PORTAGE TOWNSHIP - An agreement between the Portage Township Board of Trustees and the owners of the Valley View Quarry was tentatively approved by both parties Tuesday.
Bruce Petersen, Portage Township supervisor, said the 17-page document provides limits for such things as hours of operation, including six Saturdays during the business season, noise and dust control and what to do with the quarry once operations cease there.
"It will have remediation once the pit is closed," he said.
Daily Mining Gazette/Kurt Hauglie
The Valley View Quarry is seen here in October, 2011. Portage Township and the owners of the quarry have reached a tentative agreement in a zoning dispute.
Petersen said the parties have agreed to the format of the agreement, but there are still some steps to be taken before it becomes official.
"It has yet to be signed by both parties," he said.
The agreement then must be approved and signed by Gogebic Circuit Court Judge Roy Gotham, who presided over a suit regarding the quarry, Petersen said.

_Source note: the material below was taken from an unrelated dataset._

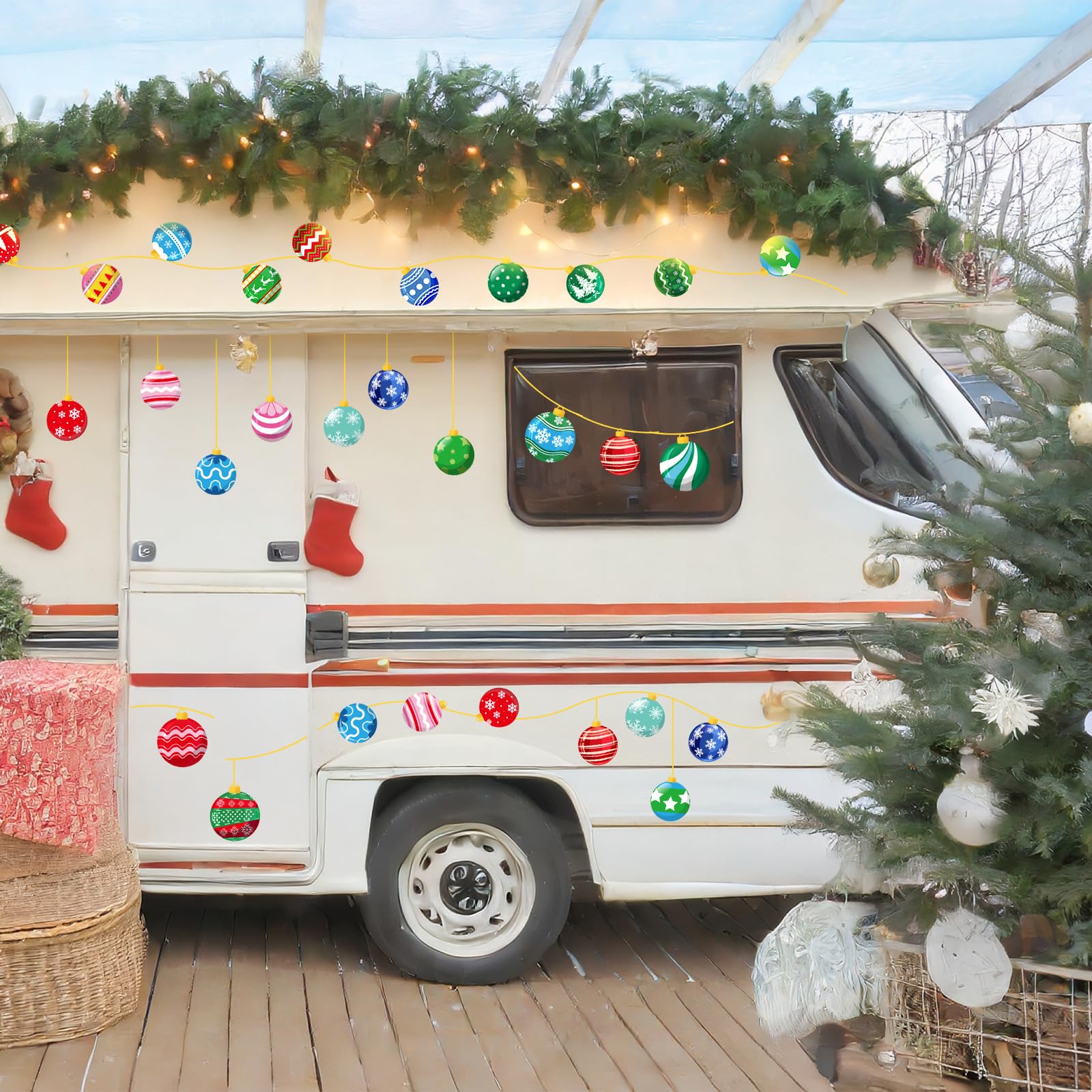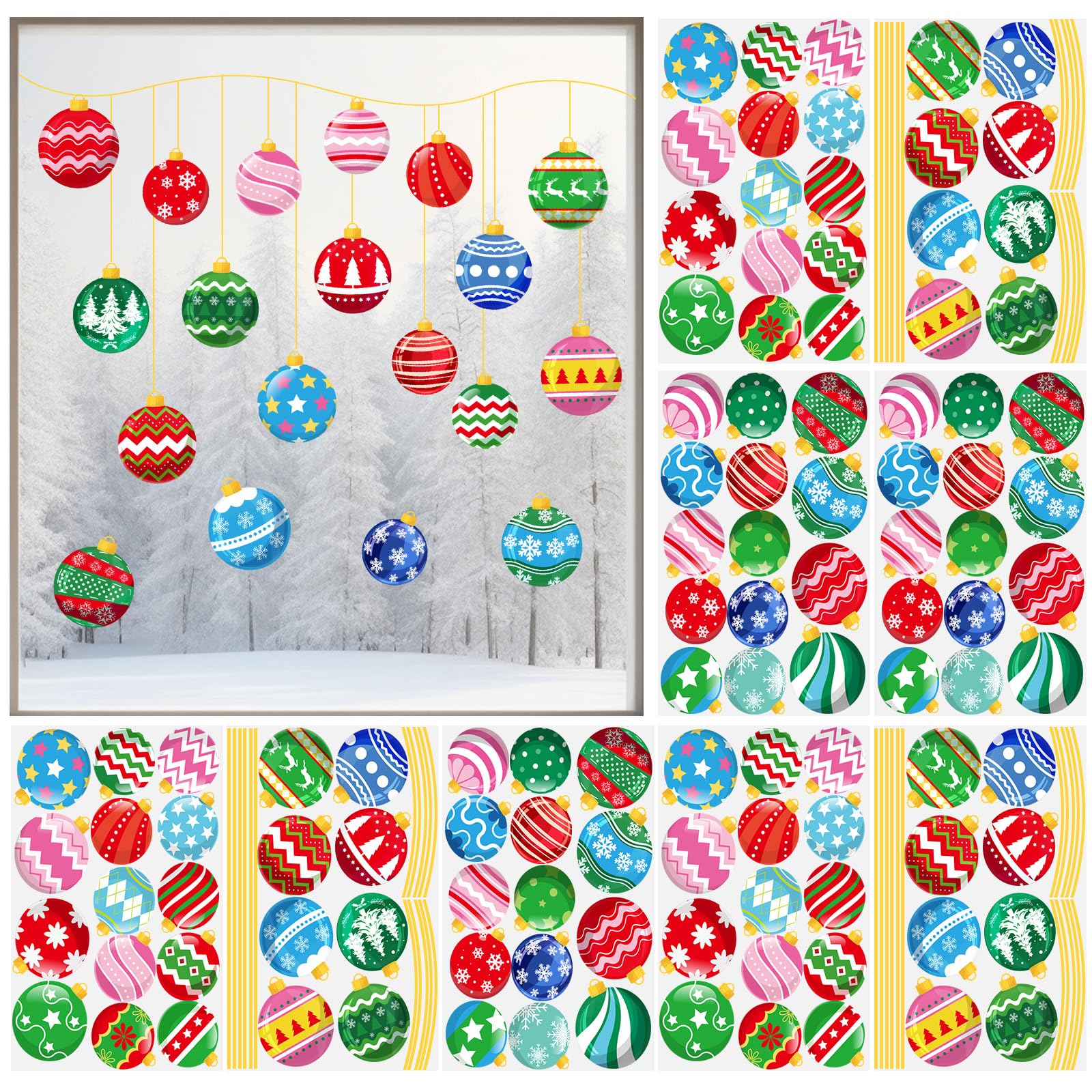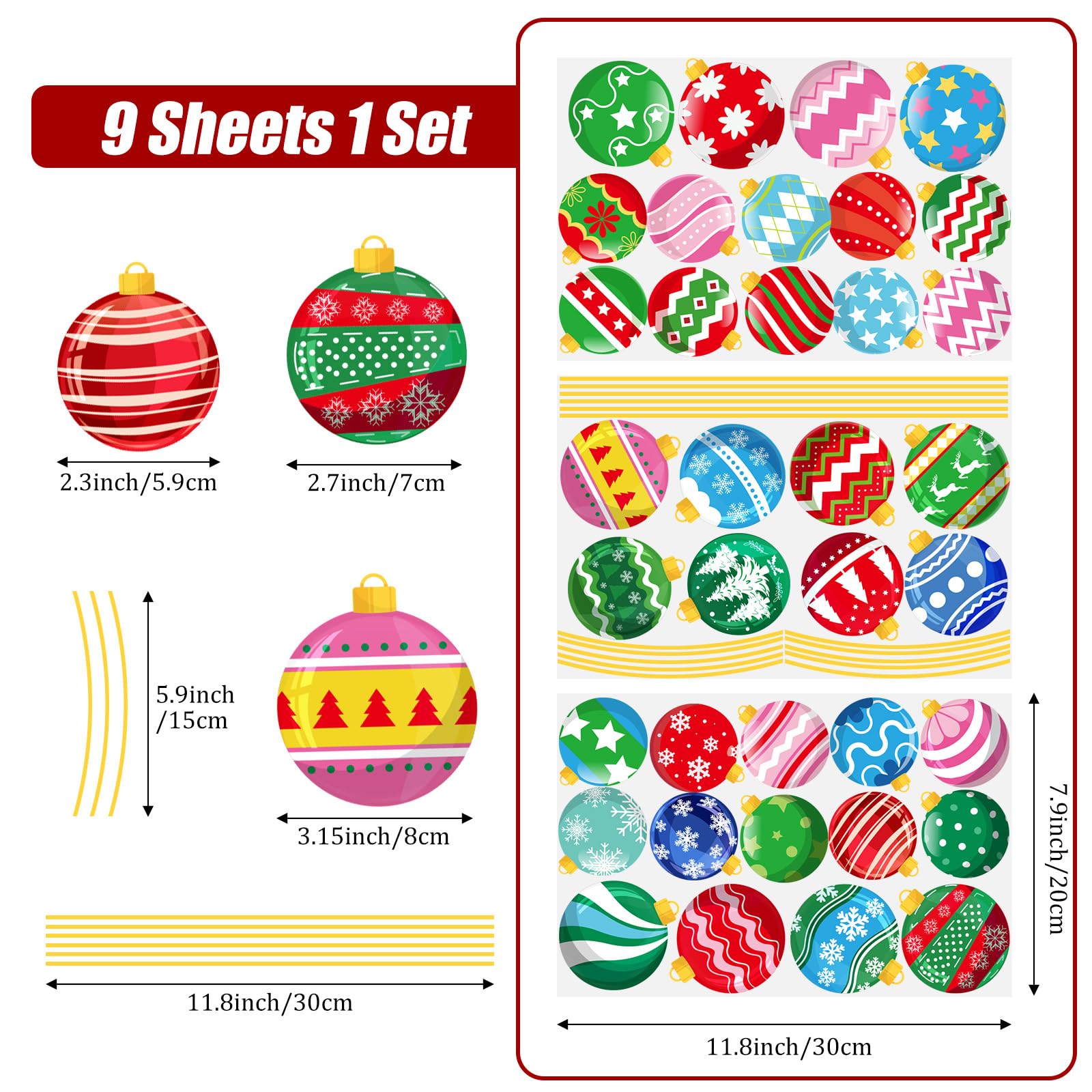 Unique designs: 9 sheets of Christmas winter decals for windows are designed with different patterns and colors, each sheet measures 20 x 30cm / 7.8 x 11.8inch, printed with snowball and wire, well match the Christmas season atmosphere.

In February 2011, the township and nearby property owners Victor and Emily Betterly and Kevin Grzelak filed lawsuits claiming the quarry was operating illegally because it was in an area zoned rural residential. That suit was decided in favor of the plaintiffs. Gogebic Circuit Court Judge Roy Gotham ordered the quarry to cease operations and for the owners of the quarry to begin the process to seek a special use permit. In July 2011, quarry owners, Thomas J. Moyle Jr. Inc., filed a lawsuit in federal court in Marquette asking for a temporary restraining order, or in the alternative a request for preliminary injunction against Portage Township be dismissed. The judge hearing that suit recommended it be dismissed.
Quarry owners did submit an application for a special use permit, but before that process went forward, the attorneys for the township and the quarry decided to work on a consent judgement, which has tentatively been agreed upon.

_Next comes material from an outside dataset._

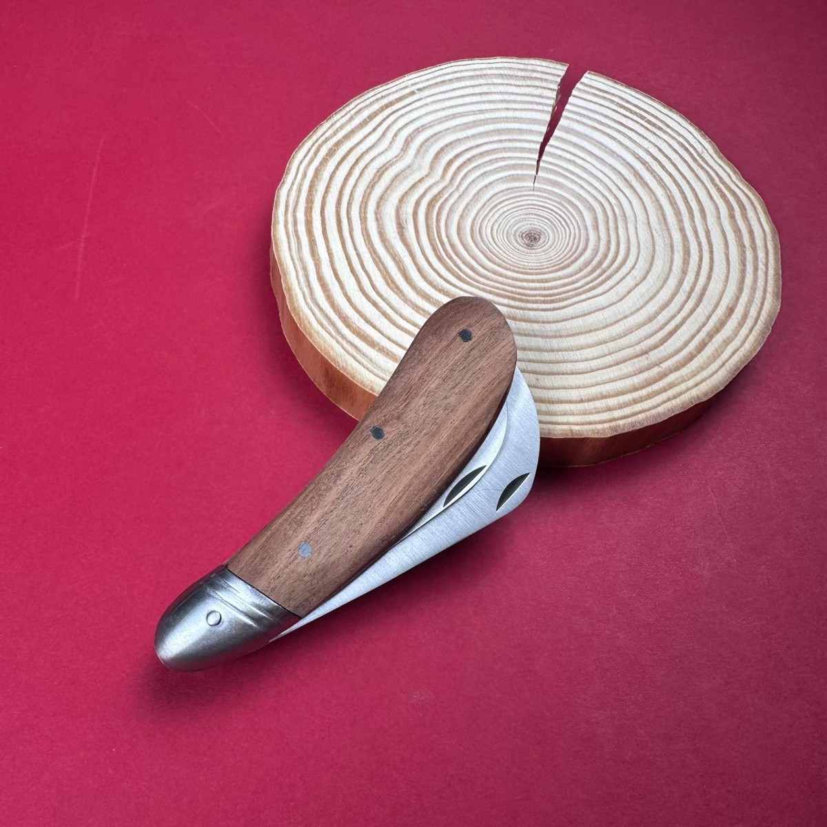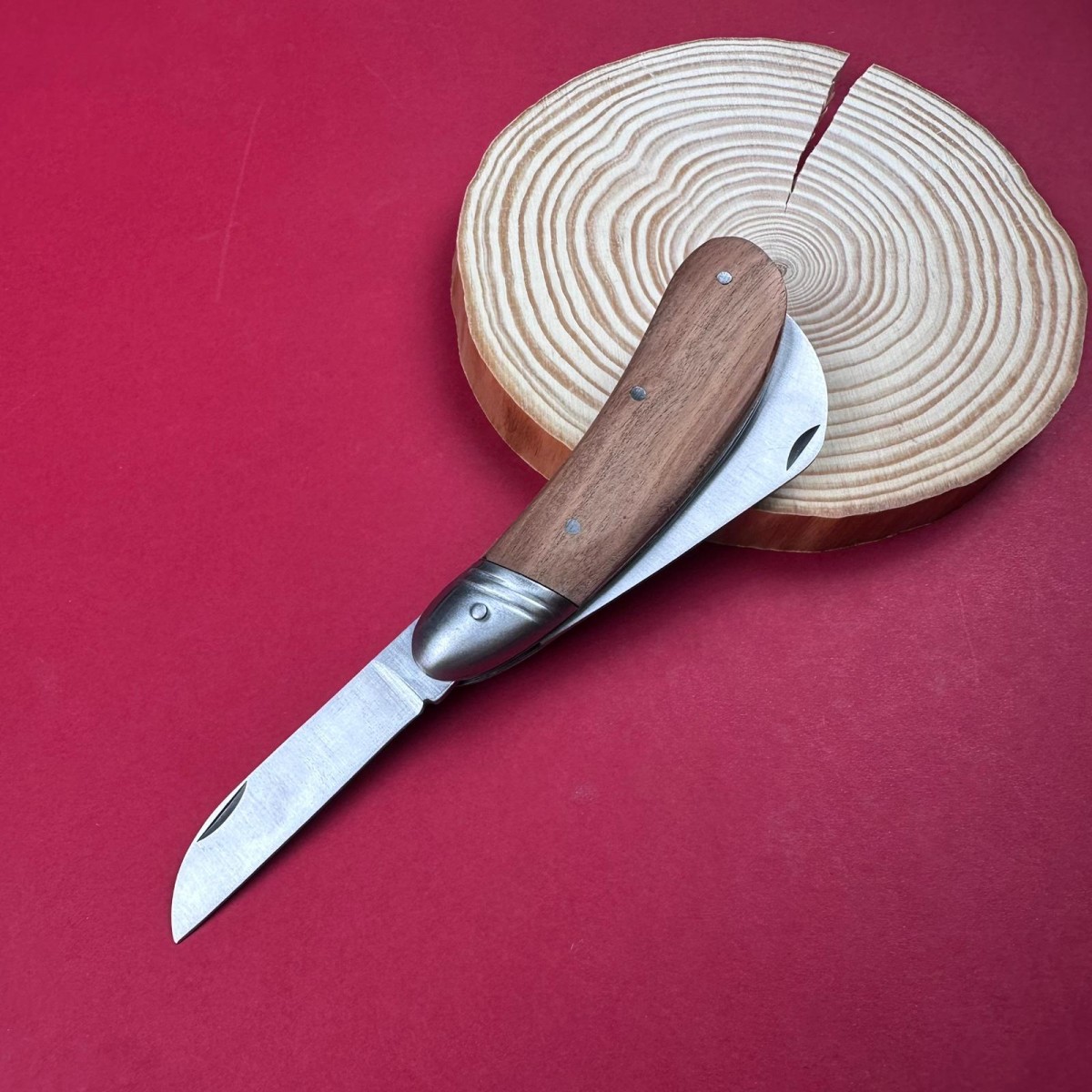 Cuțit pliabil pentru altoit cu lamă curbă tip cioc – lamă 7 cm inox, mâner lemn maro, total deschis ..

Regarding noise abatement, Petersen said one earthen berm will be constructed to block noise from the quarry and another berm will be constructed around the quarry generator, which will be moved to a wooded area on the site.

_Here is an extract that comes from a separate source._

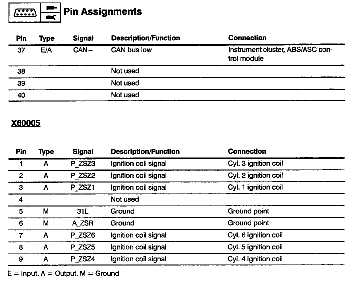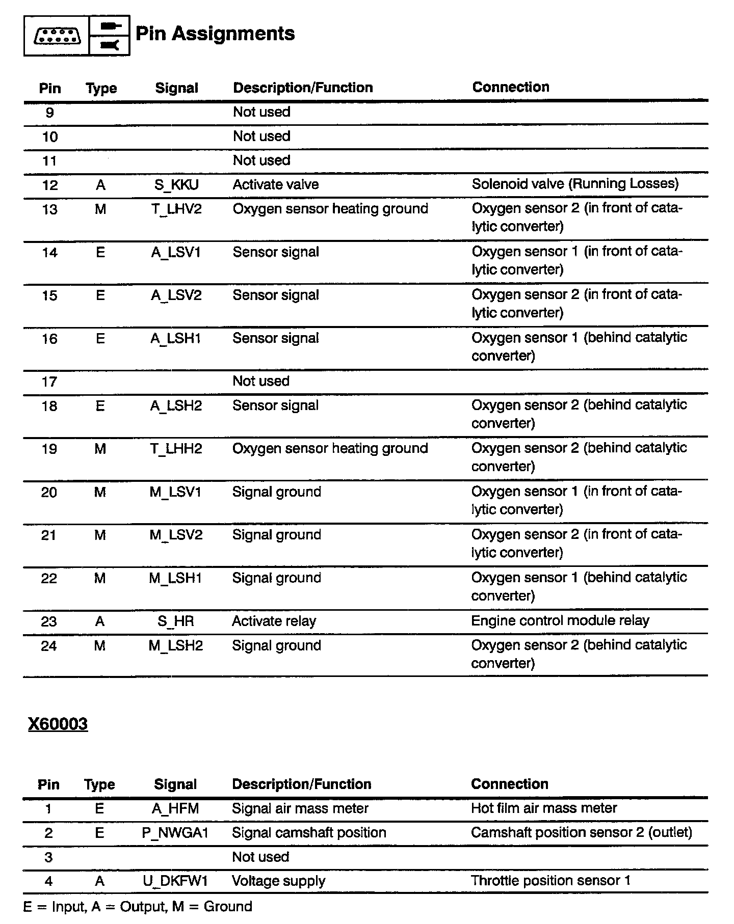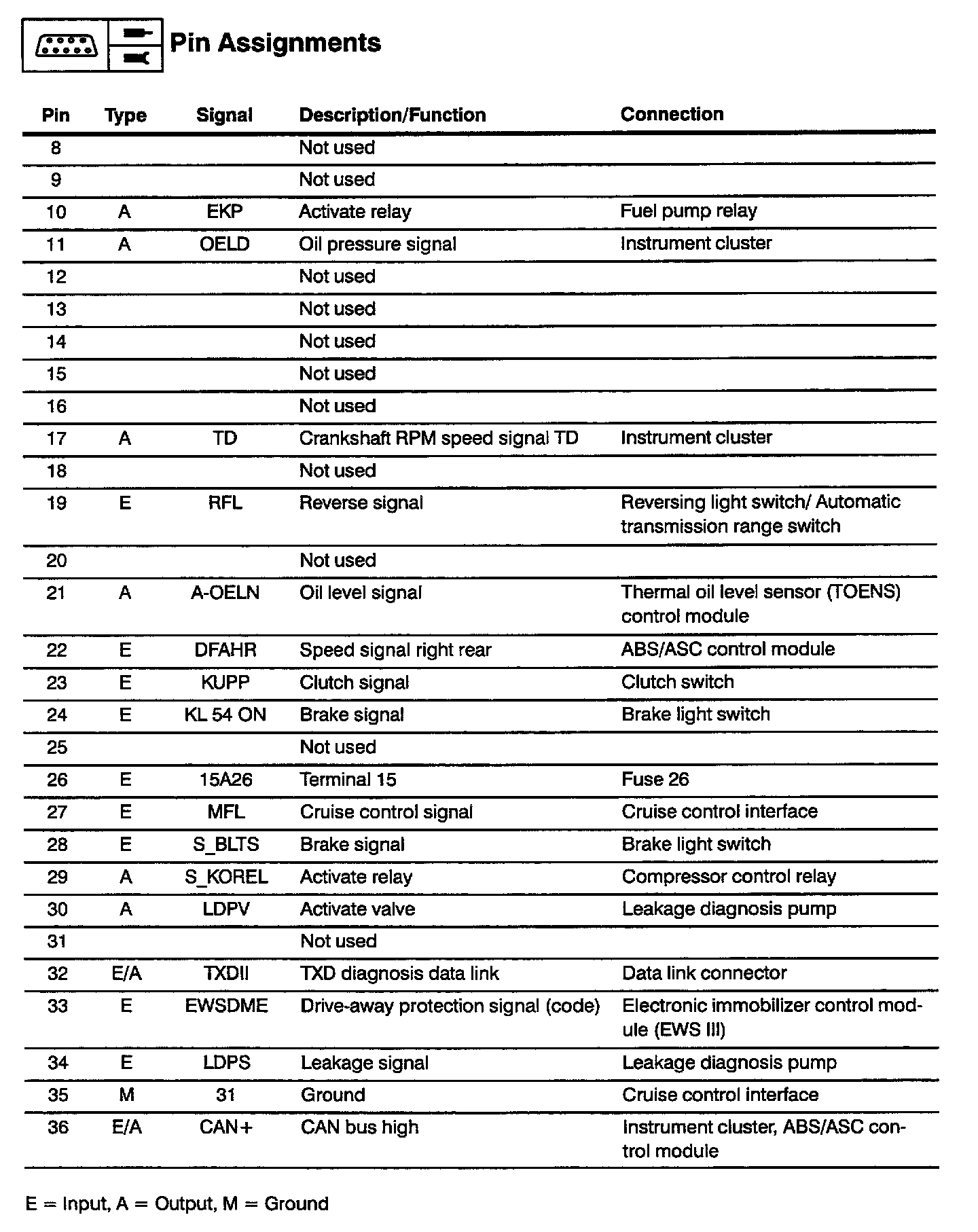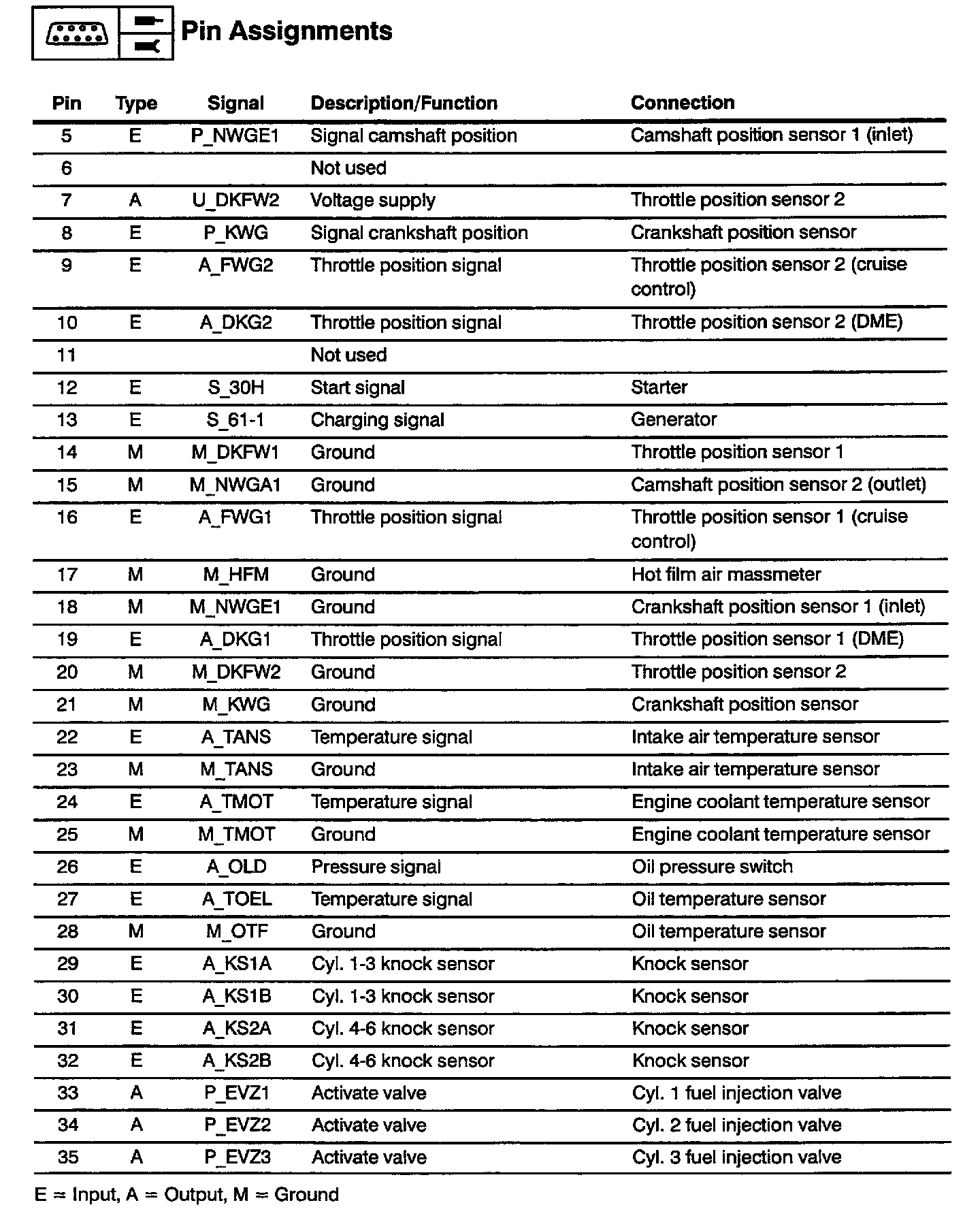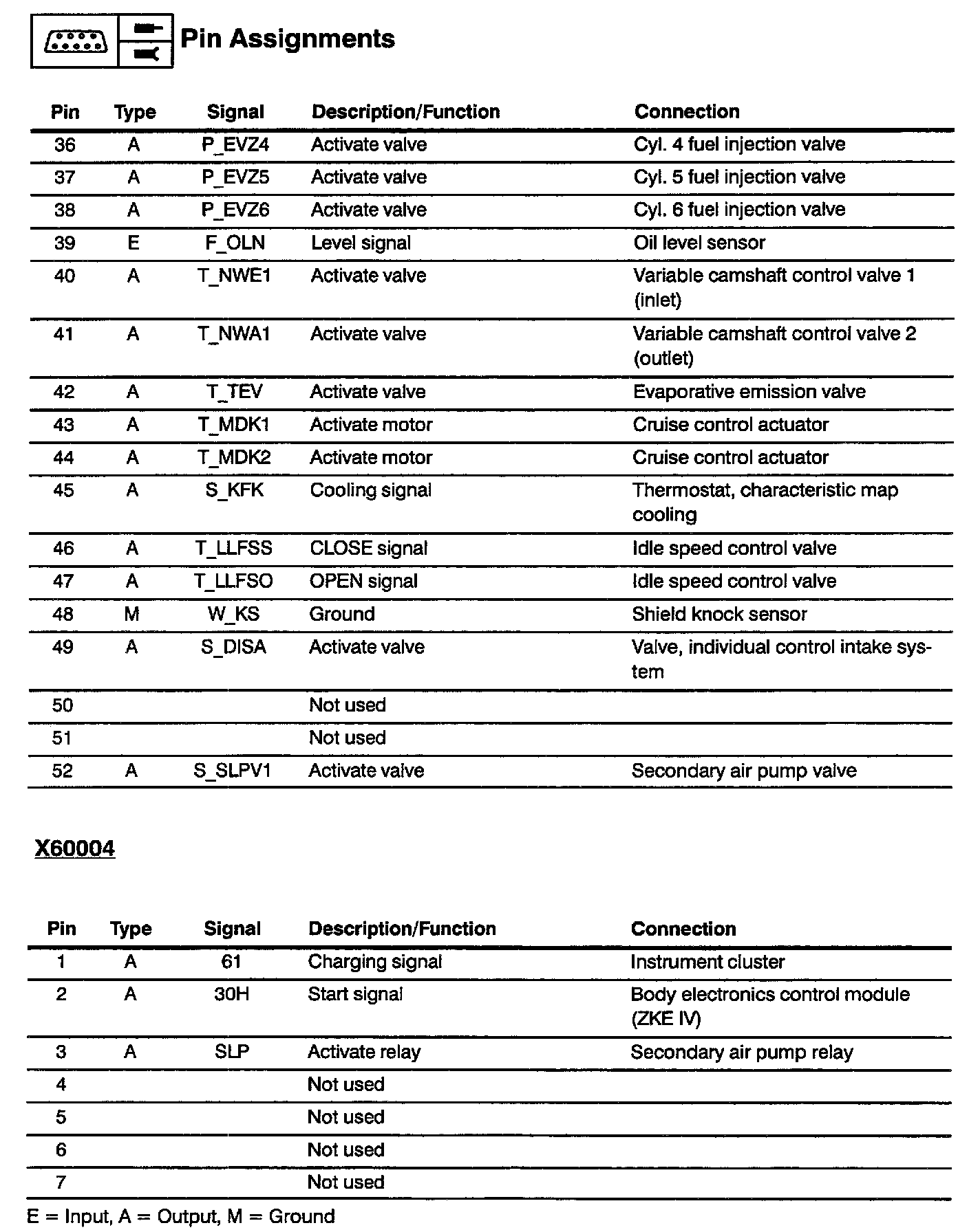 Engine Control System MS42.1: Pin Assignments (Part 6 Of 6):

"It will deflect the sound," he said.
Andy Moyle, Moyle Companies president of real estate and development, said although the agreement isn't exactly what he would like, he's glad it's done.
Moyle said the agreement just signed is similar to what was worked out in 2009 with the township board, planning commission and quarry committee.
"The framework was established in '09," he said.
Petersen said the tentative agreement is similar to the 2009 proposal, but it's more definitive about the various aspects, including hours of operation and noise and dust control.
"There are a lot of things that have been enhanced and added," he said.
The remediation of the quarry once operations cease wasn't part of the 2009 proposal, Petersen said.
Moyle said he isn't happy with the restrictions on hours of operation, but he felt he had to accept it.
"This was agree to it or don't operate," he said. "No other business has to operate under such restrictive hours."
Moyle said he's also unhappy the quarry must have a permit because no other quarry in the township has such a restriction.
Despite his misgivings, Moyle said he's glad the quarry can start up again.
"Even though the agreement isn't ideal, we'll be able to get people back to work," he said.
Moyle and Petersen said it may be weeks before a final agreement is signed by both parties and Gotham.
Petersen said the law enacted in July 2011 allowing mining virtually anywhere in the state as long as there aren't "serious consequences" from doing so helped move the process to get an agreement about Valley View Quarry.
"That law changed the ball game," he said.
Petersen said he's relieved an agreement about the quarry is close.
"It's been a long time coming," he said. "It's been give and take on both sides. Both sides are always going to feel they've given a lot. I hope we can move forward."